Panel Paper: The Assumptions Education Economists Make

Friday, November 4, 2016 : 8:30 AM
Columbia 12 (Washington Hilton)

*Names in bold indicate Presenter

Robert Shand and A. Brooks Bowden, Columbia University


Economists often face criticism that their theoretical and empirical models lack validity due to the large number of simplifying assumptions necessary for models to be analytically tractable. The economic evaluation of educational policies and programs employing the ingredients method for cost, cost-effectiveness, or cost-benefit analysis is no exception to this critique. Educational economists must make assumptions due to two sources of uncertainty: model uncertainty, as in the well-documented debate (see, e.g., Boardman et al., 2011, Chapter 10) over the selection of the appropriate social discount rate to calculate present value, and empirical uncertainty due to the infeasibility of gathering sufficiently detailed data on all resources. The assumptions necessary in the latter category include the selection of an appropriate market or shadow price to represent the value of a good or service in opportunity cost terms, the amount of time a resource is available for use to divide it among shared uses, the time horizon over which to annualize the cost of physical and human capital resources, and the sample of participants over which to calculate an average cost in the presence of attrition, among others.
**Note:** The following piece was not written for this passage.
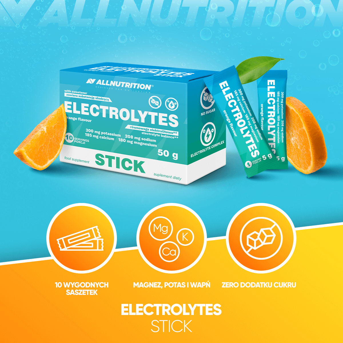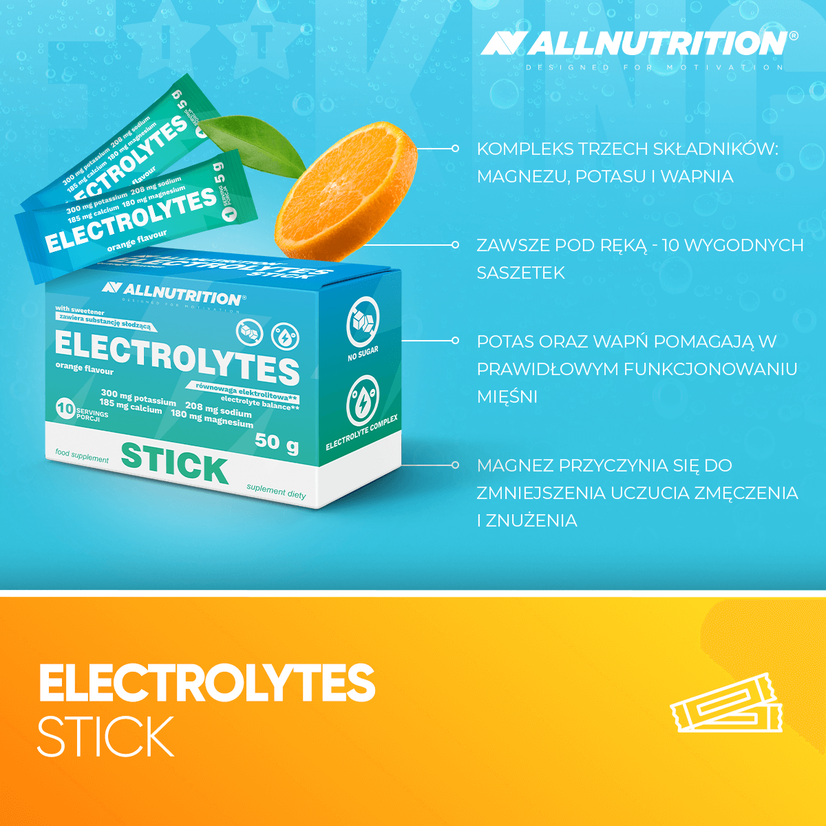 ALLNUTRITION ELECTROLYTES STICK to suplement diety w proszku o orzeźwiającym, pomarańczowym smaku. Każda saszetka została stworzona, aby w prosty i szybki sposób uzupełnić Twoją codzienną dietę w kluczowe składniki mineralne: magnez, potas, sód i wapń.

This paper proposes a set of harmonized assumptions that can be used to increase comparability of economic evaluation across programs and across studies. By building consensus on a set of reasonable, empirically derived assumptions that are selected so as to minimally distort the results of evaluations, differences in costs, cost-effectiveness, and benefit-cost ratios can be more confidently ascribed to meaningful differences in resource use, program implementation, and program effectiveness, as opposed to differences in choices made by the analyst. The paper also tests the robustness of results to the assumptions used in order to identify which assumptions most contribute to sensitivity of results and thus merit extensive sensitivity analysis. Finally, the paper aims to reduce the efforts needed to collect data for the ingredients method by suggesting where simplifying assumptions can be made without substantially distorting results, thereby enabling the use of existing survey, observation, or other data sources for rigorous cost analysis.
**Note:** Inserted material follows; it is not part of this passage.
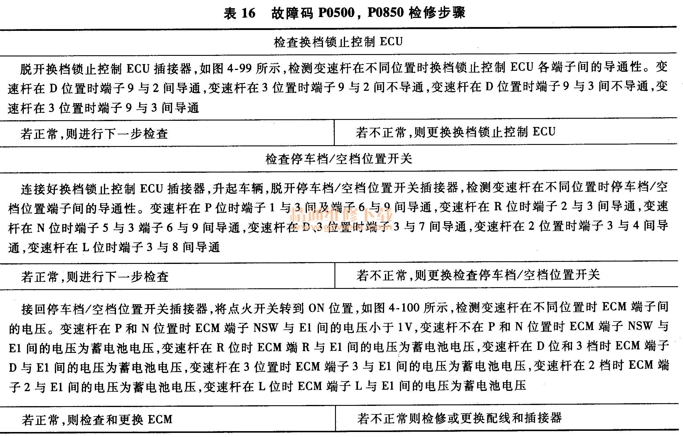 (1)故障码P0705、P0850检修故障码P0705、P0850检修电路见图98,检修步骤见表16。

We apply three methods, each using separate sources of data. First, we synthesize results across a variety of existing surveys and studies (such as surveys of average school facility sizes in school construction trade publications) to obtain estimates of current consensus on appropriate values for each of these assumptions. Second, where consensus does not exist on reasonable values, we survey practitioners in various domains of education to obtain suggested mean and extreme values. Finally, using data from a large sample of cost studies we have performed across a variety of topic areas and domains (early childhood, K-12, and higher education, and in areas such as early literacy, social and emotional learning, and community-based student support programs), we run a series of simulations using Monte Carlo and break-even analyses to determine the probability of observing values extreme enough to substantively alter conclusions to ultimately determine to which assumptions and under what conditions results are robust or sensitive.